The first recognized mammalian TLR homologue of the Drosophila Toll [112] was TLR4, which was identified a year after elucidating the role of the Drosophila Toll in fighting fungal infection [113]. Like the Drosophila Toll, human TLRs are characterized as type I transmembrane proteins with an extracellular leucine-rich repeat (LRR) domain and a cytoplasmic C-terminal Toll-interleukin-1 receptor (TIR) domain. Based on the chromosomal localization, genomic structure, and amino-acid sequences, human TLRs are classified into five subfamilies: TLR2, TLR3, TLR4, TLR5, and TLR9. The TLR2 subfamily consists of TLR1, TLR2, TLR6, and TLR10, while the TLR9 subfamily is composed of TLR7, TLR8, and TLR9. TLR3, TLR4, and TLR5 each represent a family with only one member [154]. TLR4 recognizes the LPS motif in the cell membrane of all gram-negative bacteria, while TLR2 recognizes lipoteichoic acid expressed in gram-positive bacteria [114]. Furthermore, recent evidence has shown that mutants of human TLR4 transfected into human cell lines activate the NF-κB transcription factor and NF-κB-controlled genes involved in the expression of IL-1, TNF, IL-6, and IL-8, in addition to the co-stimulatory molecules CD40, CD80, and CD86 [113].

Although a major role of TLR4 is the recognition of LPS, TLR4 by itself does not sense LPS directly, but requires the LPS binding protein (LBP), which is an acute-phase protein found in the plasma that binds the lipid A component of the LPS molecule [115]. The LBP-LPS complexes together with functional membrane-bound components [CD14 antigen (a glycosylphosphatidylinositol-anchored molecule) and the MD-2 molecule] play an important role during LPS signaling by TLR4.

In this context, both TLR2 and TLR4 signals that have been co-opted by endogenous danger signals (psychosocial stress) or DAMPs are thought to alert microglia, as well as peripheral myeloid cells, of a variety of internal conditions such as cellular stress, damage, or death [116] by stimulating the release of pro-inflammatory cytokines, chemokines, and active reactants [nitric oxide (NO) and prostaglandins (PGE2 and PGD2)] implicated in pro-inflammatory responses (Fig. 2).

Most of the TLRs expressed in cells are pre-assembled into heterodimeric complexes on the cell surface or in the cytosol, in order to activate the cell-signaling pathway and transcription factors regulating the expression of genes responsible for promoting host-defense mechanisms, such as, the mammalian antimicrobial peptide (defensins), the antiviral response (type I interferons), pro-inflammatory cytokine secretion, co-stimulation of membrane-bound antigens, and dendritic cell maturation after activation of inflammatory responses (for extensive review, see [154, 155]).
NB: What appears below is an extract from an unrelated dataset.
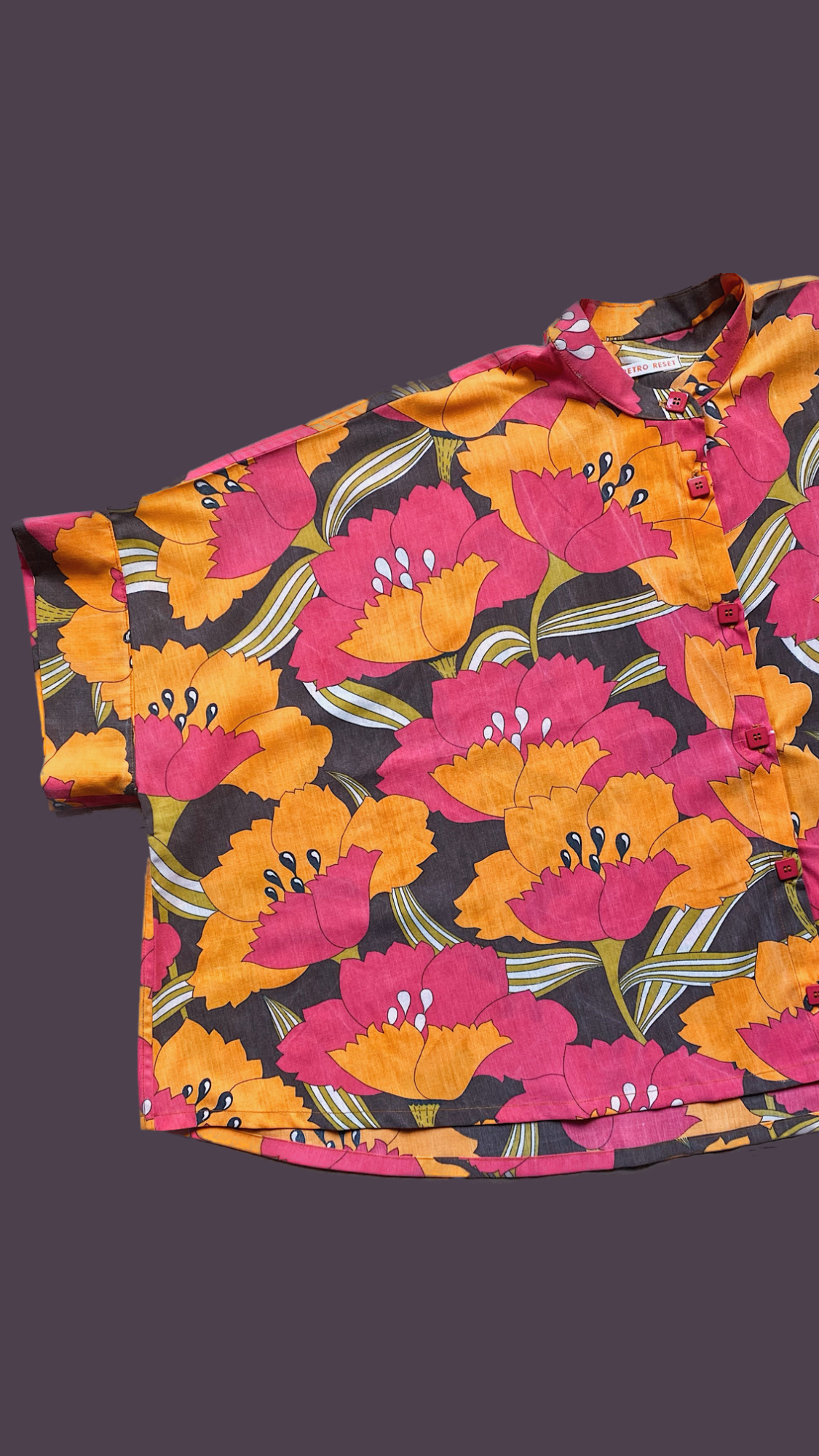 La chemise carrée est une coupe oversize unisexe, pouvant se porter fermée, légèrement ouverte pour un joli décolleté, ou encore totalement ouverte comme un petit gilet d’été !

Thus, the innate immune system senses invading microorganisms by a phylogenetically-conserved family of pattern-recognition receptors of which TLRs are the most important; although this system provides a less specific response, it is nevertheless critical for the prevention of microbial invasion. Activation of TLRs results in the induction of innate immunity mechanisms, including the development of antigen-specific adaptive immune responses bridging innate and adaptive immunity in mammalian and other vertebrate species [154].
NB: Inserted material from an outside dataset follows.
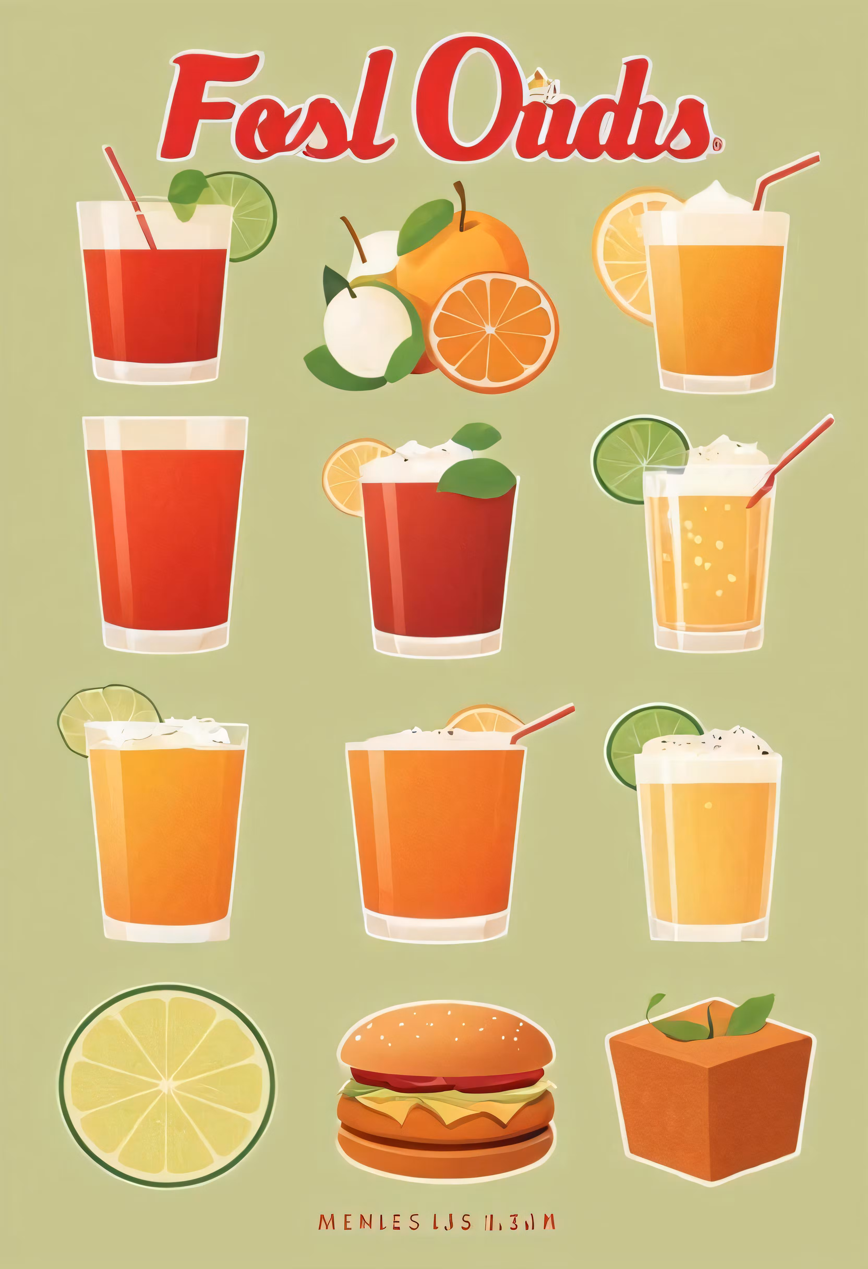 High resolution picture, free to use, a poster with drinks in different glasses on it

TLRs have been implicated in the pathophysiology of affective disorders, as shown by the correlation of genetic variants of TLR2 and TLR4 with the early onset of bipolar depression and childhood sexual abuse [117] as well as in MD [118].

Thus, given the nature of the expression of TLRs in the peripheral and central immune systems, including placental immune cells, it could be that these stress-related components may be relevant to both immune activation and inflammatory responses in affective disorders during pregnancy, in a fashion similar to their involvement in MDD.
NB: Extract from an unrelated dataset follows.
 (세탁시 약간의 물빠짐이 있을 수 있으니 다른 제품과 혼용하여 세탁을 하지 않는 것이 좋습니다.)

Toll-Like Receptor 4 and the HPA Axis

TLR4 belongs to the interleukin-1 receptor/TLR superfamily containing a TIR domain and an LRR motif in the extracellular domain [110]. TLRs recognize endogenous DAMPs, including HSPs and HMGB1, exogenous pathogen-associated molecular patterns such as LPS, and MAMPs [109, 110] (Fig. 2).

Given the nature of TLR4 as a crucial component of the stress-related immune system, it has been proposed that it might interact with the HPA axis in stress-induced mood-related disorders [110]. TLR4 signaling is capable of stimulating the HPA axis upon LPS administration [110, 119]. Interestingly, different studies showed that TLR4 activation not only causes GC release from adrenal cells [120, 121] but also induces upregulation of the CRH gene in paraventricular (PVN) neurons in the hypothalamus [122], enhancing the increased levels of this peptide hormone in blood [123]. Although pituitary cells stimulated by LPS also stimulate the release of ACTH, it is uncertain whether this effect is CRH-dependent [93, 110, 124].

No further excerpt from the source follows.